What are the prospects now for making vunmap safe from atomic (or
interrupt) contexts? That's something which people keep on trying to
do and all the other memory-freeing functions permit it.
> The virtual memory extent information is stored in an rbtree rather than a
> linked list to improve the algorithmic scalability.
>
> There is a per-CPU allocator for small vmaps, which amortizes or avoids global
> locking.
>
> To use the per-CPU interface, the vm_map_ram / vm_unmap_ram interfaces must
> be used in place of vmap and vunmap. Vmalloc does not use these interfaces
> at the moment, so it will not be quite so scalable (although it will use
> lazy TLB flushing).
>
> As a quick test of performance, I ran a test that loops in the kernel,
> linearly mapping then touching then unmapping 4 pages. Different numbers of
> tests were run in parallel on an 4 core, 2 socket opteron. Results are in
> nanoseconds per map+touch+unmap.
>
> threads vanilla vmap rewrite
> 1 14700 2900
> 2 33600 3000
> 4 49500 2800
> 8 70631 2900
>
> So with a 8 cores, the rewritten version is already 25x faster.
>
> In a slightly more realistic test (although with an older and less scalable
> version of the patch), I ripped the not-very-good vunmap batching code out of
> XFS, and implemented the large buffer mapping with vm_map_ram and
> vm_unmap_ram... along with a couple of other tricks, I was able to speed up a
> large directory workload by 20x on a 64 CPU system.
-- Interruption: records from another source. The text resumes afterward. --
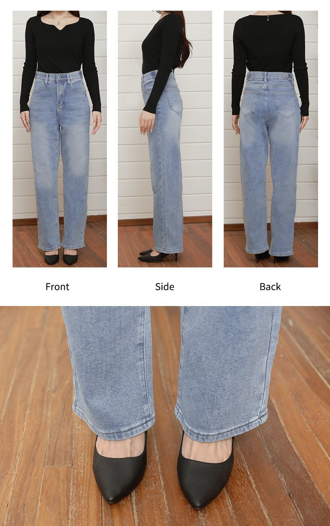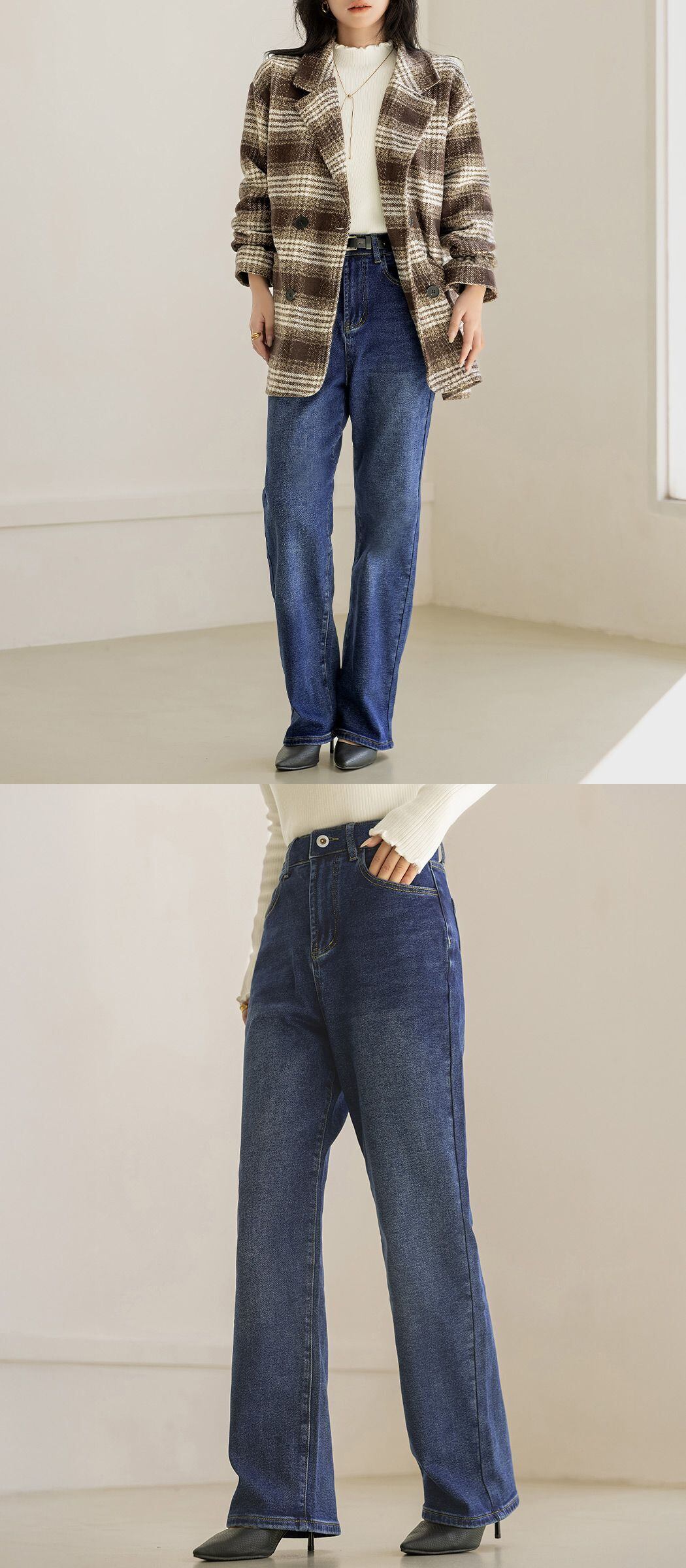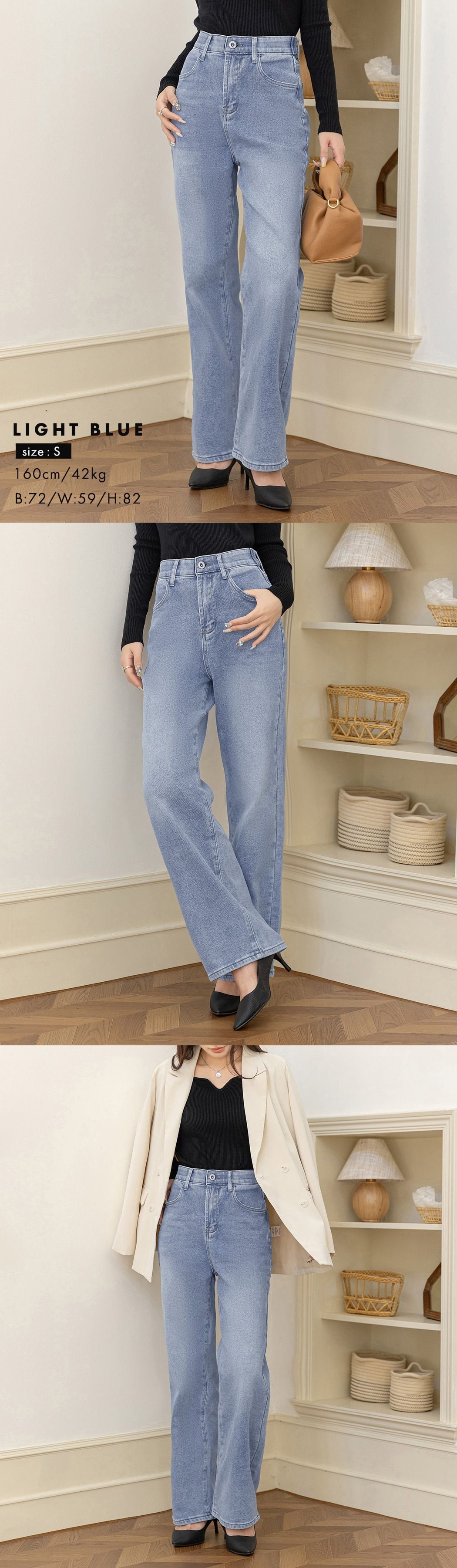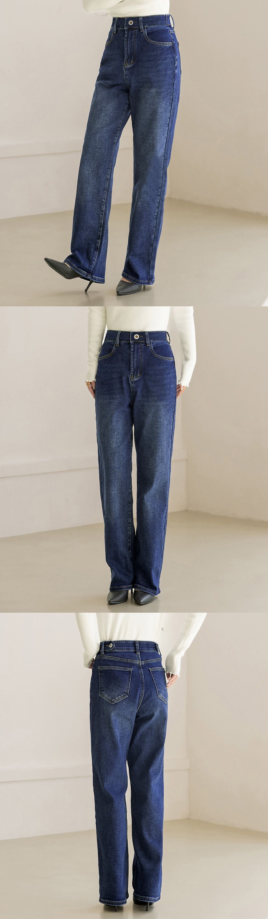 すらっと美脚&ウエスト調整可能なウエストボタン付きストレートデニム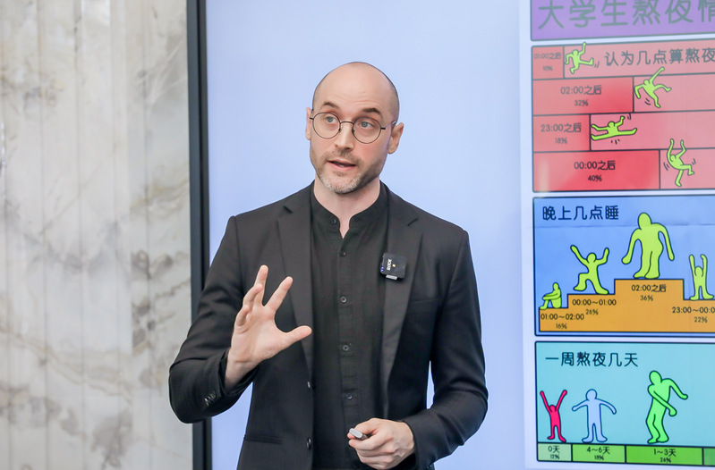 硅藻(上海)视觉设计有限公司设计总监Kevin Maher从人才培养的国际视野中分享了教育实践成果。他表示在上外贤达学院感受到艺术的春天,科技的春天,跨学科的教育探索乐趣,成为导师之后转变了自己的教学价值观,在和学生教与学过程中共同成长。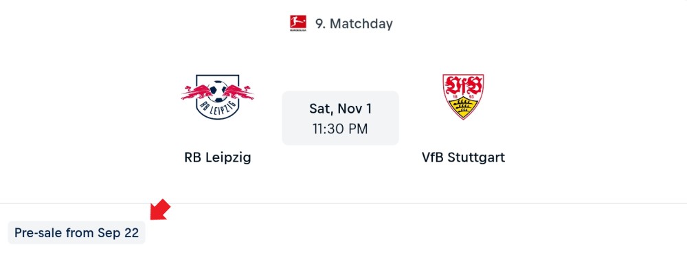 英語版だと、最も早いフェーズの発売日しか記載されていませんが、ドイツ版で表示し、「Zum Spieltag(試合当日)」をタップすると、各販売フェーズの発売日が表示されます。

I believe vmap/vunmap is
> actually sped up a lot more than 20x on such a system, but I'm running into
> other locks now. vmap is pretty well blown off the profiles.
>
> Before:
> 1352059 total 0.1401
> 798784 _write_lock 8320.6667 <- vmlist_lock
> 529313 default_idle 1181.5022
> 15242 smp_call_function 15.8771 <- vmap tlb flushing
> 2472 __get_vm_area_node 1.9312 <- vmap
> 1762 remove_vm_area 4.5885 <- vunmap
> 316 map_vm_area 0.2297 <- vmap
> 312 kfree 0.1950
> 300 _spin_lock 3.1250
> 252 sn_send_IPI_phys 0.4375 <- tlb flushing
> 238 vmap 0.8264 <- vmap
> 216 find_lock_page 0.5192
> 196 find_next_bit 0.3603
> 136 sn2_send_IPI 0.2024
> 130 pio_phys_write_mmr 2.0312
> 118 unmap_kernel_range 0.1229
>
> After:
> 78406 total 0.0081
> 40053 default_idle 89.4040
> 33576 ia64_spinlock_contention 349.7500
> 1650 _spin_lock 17.1875
> 319 __reg_op 0.5538
> 281 _atomic_dec_and_lock 1.0977
> 153 mutex_unlock 1.5938
> 123 iget_locked 0.1671
> 117 xfs_dir_lookup 0.1662
> 117 dput 0.1406
> 114 xfs_iget_core 0.0268
> 92 xfs_da_hashname 0.1917
> 75 d_alloc 0.0670
> 68 vmap_page_range 0.0462 <- vmap
> 58 kmem_cache_alloc 0.0604
> 57 memset 0.0540
> 52 rb_next 0.1625
> 50 __copy_user 0.0208
> 49 bitmap_find_free_region 0.2188 <- vmap
> 46 ia64_sn_udelay 0.1106
> 45 find_inode_fast 0.1406
> 42 memcmp 0.2188
> 42 finish_task_switch 0.1094
> 42 __d_lookup 0.0410
> 40 radix_tree_lookup_slot 0.1250
> 37 _spin_unlock_irqrestore 0.3854
> 36 xfs_bmapi 0.0050
> 36 kmem_cache_free 0.0256
> 35 xfs_vn_getattr 0.0322
> 34 radix_tree_lookup 0.1062
> 33 __link_path_walk 0.0035
> 31 xfs_da_do_buf 0.0091
> 30 _xfs_buf_find 0.0204
> 28 find_get_page 0.0875
> 27 xfs_iread 0.0241
> 27 __strncpy_from_user 0.2812
> 26 _xfs_buf_initialize 0.0406
> 24 _xfs_buf_lookup_pages 0.0179
> 24 vunmap_page_range 0.0250 <- vunmap
> 23 find_lock_page 0.0799
> 22 vm_map_ram 0.0087 <- vmap
> 20 kfree 0.0125
> 19 put_page 0.0330
> 18 __kmalloc 0.0176
> 17 xfs_da_node_lookup_int 0.0086
> 17 _read_lock 0.0885
> 17 page_waitqueue 0.0664
>
> vmap has gone from being the top 5 on the profiles and flushing the
> crap out of all TLBs, to using less than 1% of kernel time.
>
>
> ...
>
> -static void unmap_vm_area(struct vm_struct *area)
> -{
> - unmap_kernel_range((unsigned long)area->addr, area->size);
> }
>
> static int vmap_pte_range(pmd_t *pmd, unsigned long addr,
> - unsigned long end, pgprot_t prot, struct page ***pages)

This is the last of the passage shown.